Ready to see how easy it is to make your own clock?
Start with the base of your clock. What are you making it out of? Chose a piece of rectangular plywood the kind that could be stained nicely but that has grain and a nice appeal. If that’s not your style, consider tile (like vintage hexagonal tiles from the salvage shop), dinner plates (a fun addition to any kitchen) or obscure parts (I’ve seen them handmade out of bicycle wheels, on un-hung street signs and built within books, so that the hands pop through the cover).
Use a drill bit to create a space for the “I” shaft.
Note the thickness of what you are building onto — if your material is thin, you’ll have to fabricate a spacer to fit between the mechanism and the front of the clock so only a few of the threads on the “I” shaft show through the hole.
Assemble the clock hands per the instructions.

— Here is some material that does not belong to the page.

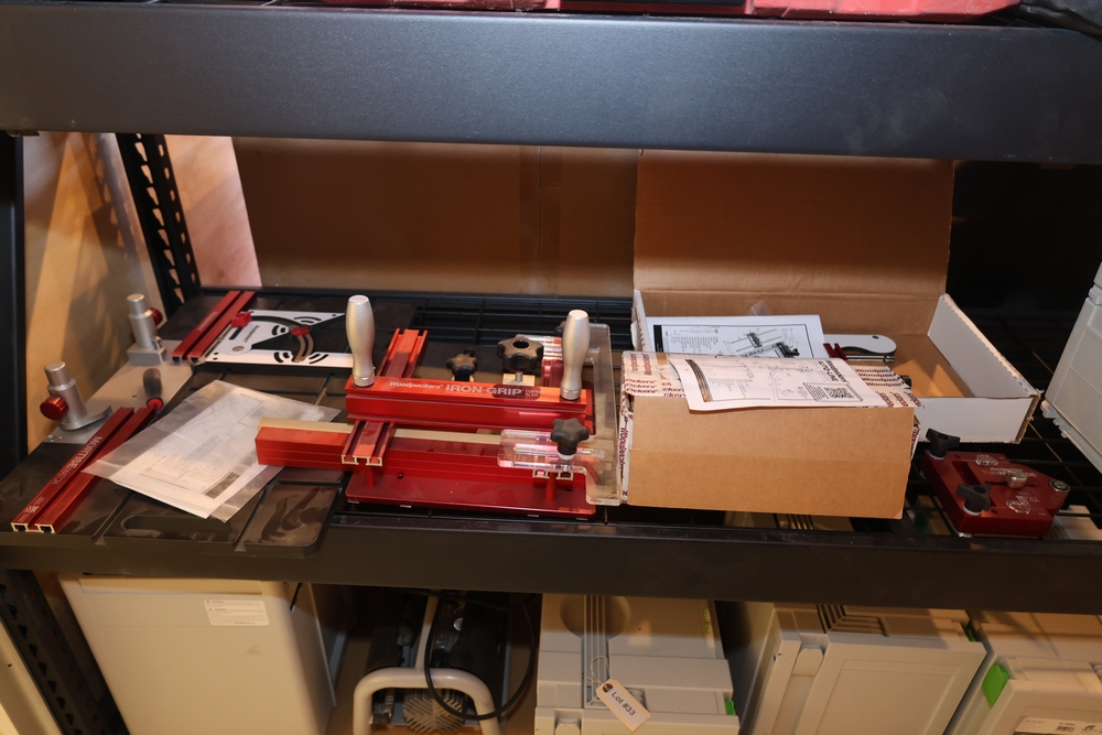 Woodpeckers woodworking tool lot including a Woodpeckers Multi-Function Router Base with original box and manual, Woodpeckers Iron-Grip Coping Sled, Woodpeckers MortiseMatch, Woodpeckers ThinRip Guide, and Woodpeckers Auto-Line Drill Guide with manual, featuring anodized aluminum construction and adjustable components. No equipment is onsite to assist loading. Bring the proper tools, equipment, and help needed to load your items. Seller reports: nearly all the powertool (especially Festools) are in fantastic condition, low low use and have been kept in climate controlled garage.

It will take all of 60 seconds and it is very easy but the hands are fragile, so be gentle.
Once assembled, it will look complete and very similar to this (depending on whether or not you add a hand for the seconds, which is just a third hand added at the tip).
(Optional) The metal hands can be cut to length with metal snips if you desire a different look or if you need shorter hands to fit your project.
Trimmed to length, you can also change the way the tip of each hand looks.
When the finished clock is assembled, plug it in and test it out. If you overtighten the cap nut which forced the minute hand to move with each second, loosen it a quarter turn if that happens and it’ll be good to go, reliable as long as the electricity flows.